The House bill would appropriate “such sums as are necessary” to shore up the fund, with its cost offset by $3 billion in unspent money from the Paycheck Protection Program, which offered forgivable loans to small business owners during the coronavirus pandemic.

Support for the first responders is also coming from other sources. On Sept. 8, the Centers for Disease Control and Prevention provided New York City’s Mount Sinai Hospital with a $2.4 million grant to study how best to care for them into old age.

“Because World Trade Center responders were exposed to high levels of toxicants and intense psychological trauma — hazards that can accelerate the aging process — during the emergency response and cleanup following the 2001 disaster, they are likely at increased risk for premature aging and associated age-related syndromes, said Dr. Fred Ko, lead principal investigator and associate professor of Geriatrics and Palliative Medicine at the Icahn School of Medicine at Mount Sinai.

The median age of these first responders is now 59, and by 2030, the majority of them will be 65 or over and at risk for aging-related conditions and consequences of the terrorist attacks.

Mount Sinai has been caring for this population through its World Trade Center Health Program’s Clinical Center of Excellence, part of the Selikoff Centers for Occupational Health at Mount Sinai.

“Using data from Mount Sinai’s WTC Health Program, the largest clinic for WTC responders, our team found that a substantial portion of general responders met the criteria for frailty. Furthermore, frailty was positively associated with 9/11 exposure severity and overall mortality,” Dr. Ko said.

“Our preliminary data indicate that one-third of the first responders meet criteria for frailty as determined by our frailty index, an association that increases with age, WTC exposure, and by occupation type. These findings underscore the urgent need for routine systematic assessments, such as frailty, as these heroic responders grow older,” said Dr. William Hung, a professor of Geriatrics and Palliative Medicine at Icahn Mount Sinai.

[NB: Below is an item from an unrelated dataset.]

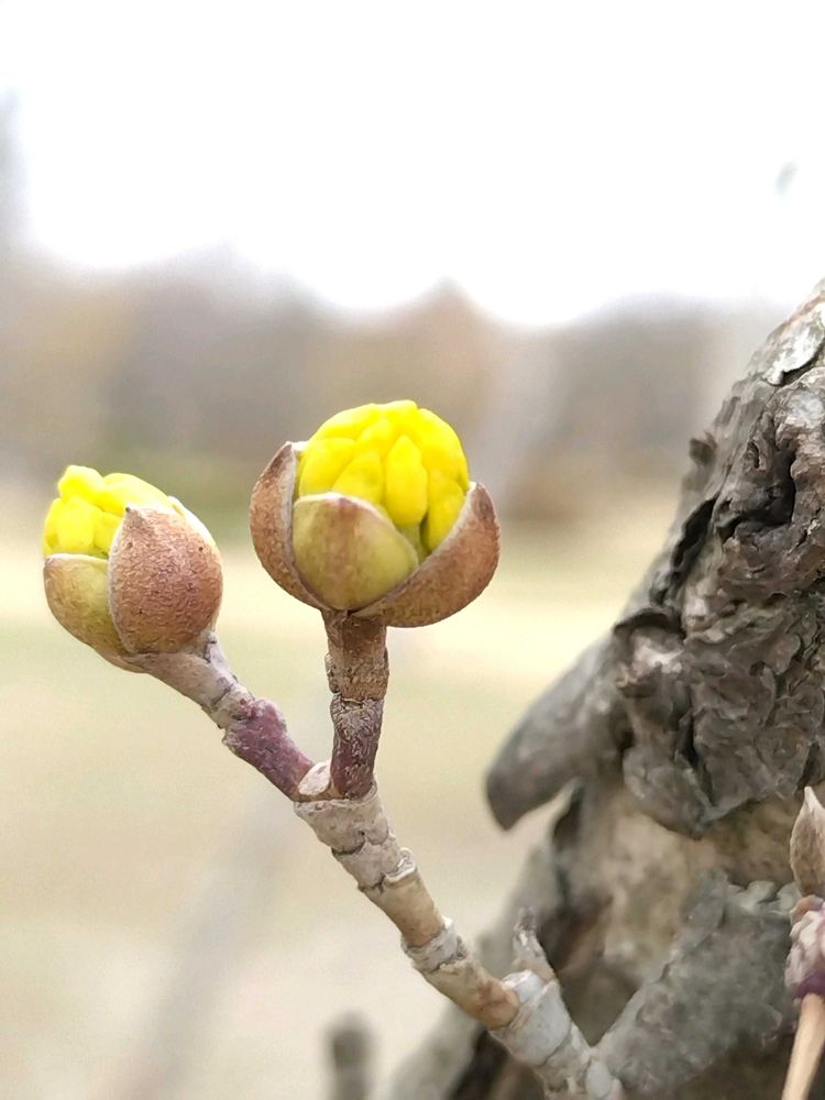 七北田公園ではマンサクの後にサンシュユが咲き始めました。

Results of the study, funded by the National Institute for Occupational Safety and Health, part of the CDC, will be instrumental in improving the capacity of the program to monitor and care for aging responders, the researchers said.

One reason so many FDNY members and others have gotten sick in the wake of the attacks is that they didn’t just respond to the initial emergency, they then spent days and weeks on the pile at Ground Zero, first hoping to find survivors, then later collecting remains.

During that period, many didn’t even leave the area for breaks or meals.

“That led to a lot of this exposure,” McCarthy told the Daily News.

According to the 9/11 Memorial and Museum, 2,997 people died in the Sept. 11, 2001 attacks, including 2,977 victims and the 19 hijackers, while thousands more were injured. 

Of the 2,977 fatal victims, 2,753 were killed in the World Trade Center and the surrounding area, 184 at the Pentagon and 40 in Pennsylvania.